Votre cabinet est spécialisé dans le modèle de la franchise et vous accompagnez plus spécifiquement les têtes de réseau. Quels besoins expriment-elles aujourd’hui ?

Chez Linkea, nous rencontrons différentes typologies de besoin. Il y a d’abord le client qui possède un historique « succursaliste » et décide de développer un réseau d’indépendants sous le modèle de la franchise. C’est un cas courant, particulièrement actuellement, puisque crise du Covid-19 oblige, de nombreux réseaux n’ont plus les moyens de se développer en propre et changent, en conséquence, de stratégie en faisant appel à des partenaires franchisés. Notre cabinet va donc accompagner ces clients pour la définition du système juridique adapté à cette nouvelle situation et construire avec eux les outils (contrat, DIP, manuels) s’y rapportant. Nous allons également former les équipes au métier de « tête de réseau ». Le franchiseur à des devoirs envers ses franchisés. Si celui-ci ne se montre pas à la hauteur, des contentieux peuvent voir le jour. Pour prévenir ces derniers, il est nécessaire d’être sensibilisé à ces risques.

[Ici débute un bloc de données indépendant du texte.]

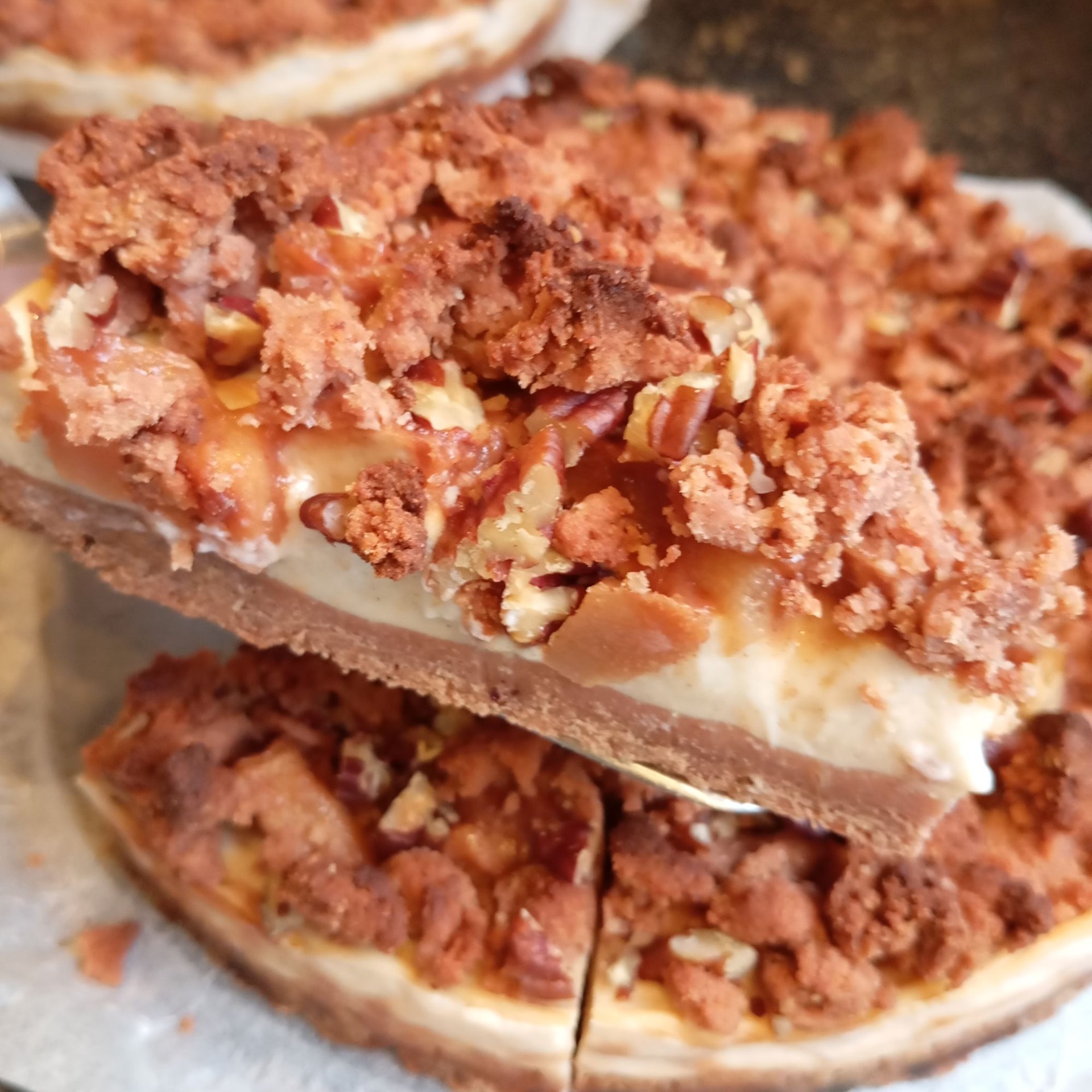Een licht gezoet taartje met speculaas- bodem, zachte "cheesecake" laag met er bovenop zachte peer met speculaas crumble en pecannootjes. Gezoet met agave.

Nous nous adressons par ailleurs à des réseaux déjà « aguerris » de la franchise, afin de les accompagner dans la redéfinition de leur stratégie, et dans les épreuves qu’elles traversent.

 

Selon vous, la crise sanitaire va donc contribuer à favoriser le modèle de la franchise…

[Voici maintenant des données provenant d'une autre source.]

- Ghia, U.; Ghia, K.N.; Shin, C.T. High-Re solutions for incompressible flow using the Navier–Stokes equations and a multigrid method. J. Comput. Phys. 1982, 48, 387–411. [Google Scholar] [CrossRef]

La franchise soutient le commerce en général et permet à un entrepreneur qui se lance de bénéficier d’un modèle déjà éprouvé. La crise que l’on connaît aujourd’hui est sans précédent. Ce qui entraînera inévitablement des licenciements économiques, et la possibilité pour ces anciens salariés de bénéficier d’un capital qu’elles pourront investir pour créer une entreprise. Lorsqu’on franchit ce pas, alors que l’on était salarié dans sa vie antérieure, le fait de s’adosser à un réseau va permettre de se développer plus vite, en bénéficiant d’un réel accompagnement. La vague de licenciements qui arrive va, à mon sens, favoriser le modèle de la franchise, ce que l’on a déjà constaté après la crise économique de 2008.